With the pictures omitted, print exactly the lines below, from the one containing "Lekha with Syed" through the one containing "Свадебное платье выполнено", and nothing else.
--- Task inputs Enclosed Below ---
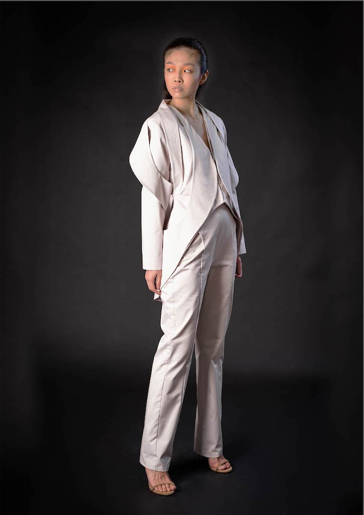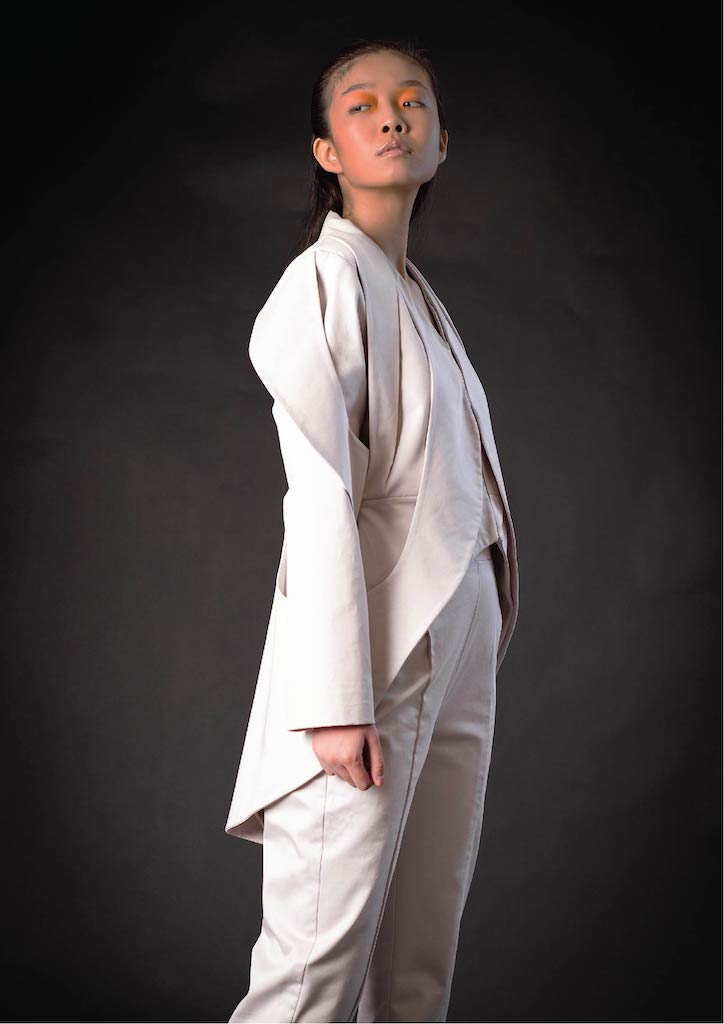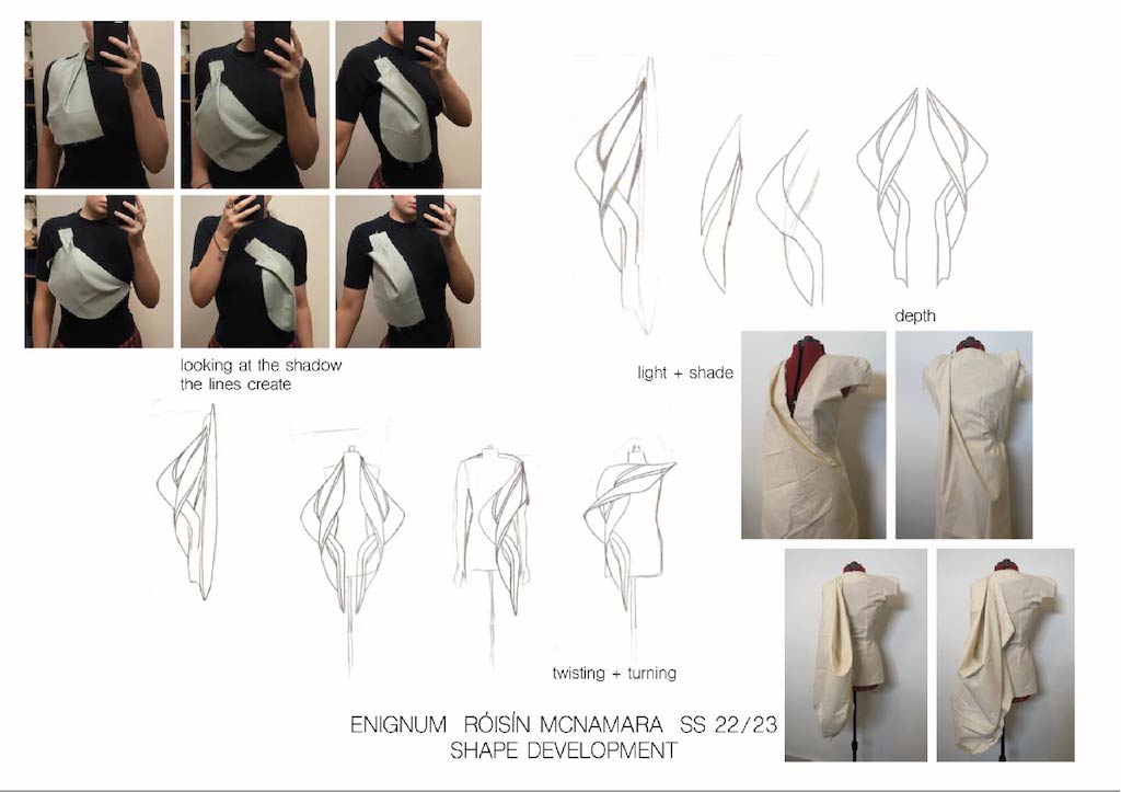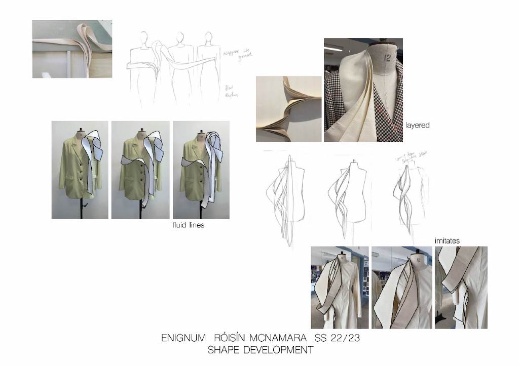My graduate collection Enignum is inspired by the folding and layering of furniture designed by Joseph Walsh. He creates sculptural furniture based on a twisting and turning theme. The depth, direction and shadow of the lines captivate me. I have created a collection with the same sense of flowing lines curving around the body. My aim was to design a womenswear tailored collection for Spring Summer ’22. I worked on the stand to create innovative pattern pieces to portray fluid lines around the body. I also wanted to represent the twisting and turning theme in the production of my garments by folding the back pattern piece over itself during construction to imitate the depth, light and shade from my inspiration. I have used one fabric, cotton gabardine in a pale grey colour to emphasise these directional lines and create the tonal shadows that my furniture inspiration illustrates.
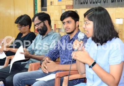 Lekha with Syed Junaid, Kishan and other members of All India Students Association (AISA) addressing a press conference on the Karnataka Governments unconstitutional decision to scrap reservation for Muslim OBCs at Bengaluru Press Club, in Bengaluru on Saturday 1st April 2023
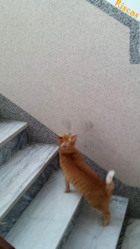 Dentro do prédio o Riscas quis ir explorar o interior das entradas para as habitações, subiu até ao andar seguinte. Mas, só sabe subir escadas, não as desce. Será normal!?
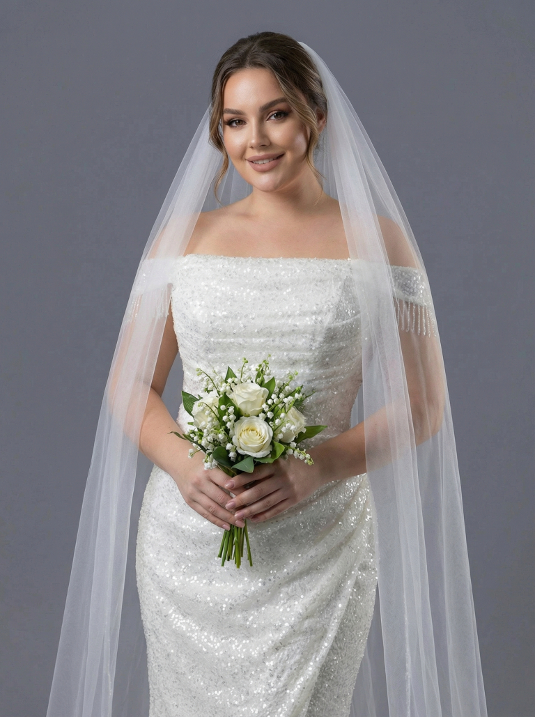 Свадебное платье выполнено в классическом стиле А-силуэта
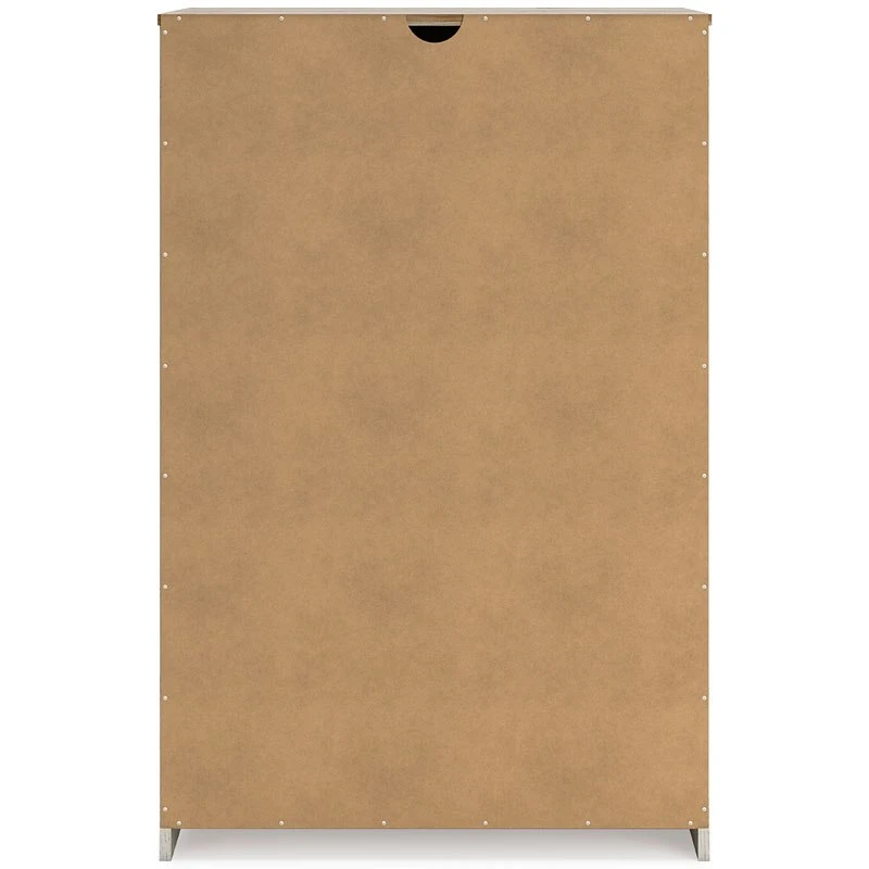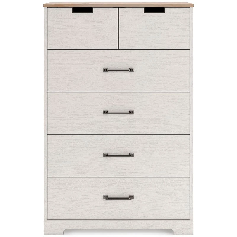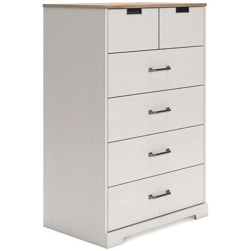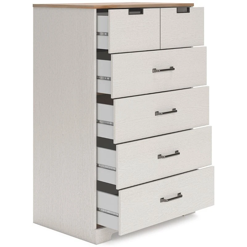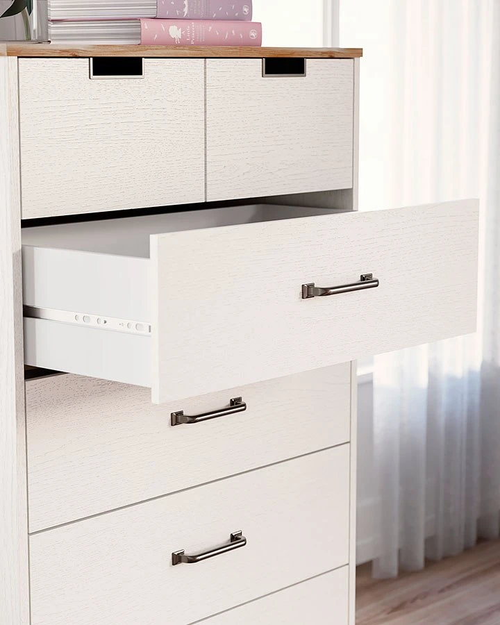 - OverviewFresh and inviting, this Vaibryn chest of drawers by Signature Design is truly versatile. A crisp white painted finish with a subtle replicated wood grain brings light to your room, while a warm brown finish accents the top. Design details include metal cut-out openings along the upper drawer, with the lower drawers paired with metal handles in an antiqued nickel-tone finish. Five smooth-gliding drawers provide plenty of storage, so there’s no excuse for a messy room.
--- End of Enclosed Task inputs ---
## [Your solution]
 Lekha with Syed Junaid, Kishan and other members of All India Students Association (AISA) addressing a press conference on the Karnataka Governments unconstitutional decision to scrap reservation for Muslim OBCs at Bengaluru Press Club, in Bengaluru on Saturday 1st April 2023
 Dentro do prédio o Riscas quis ir explorar o interior das entradas para as habitações, subiu até ao andar seguinte. Mas, só sabe subir escadas, não as desce. Será normal!?
 Свадебное платье выполнено в классическом стиле А-силуэта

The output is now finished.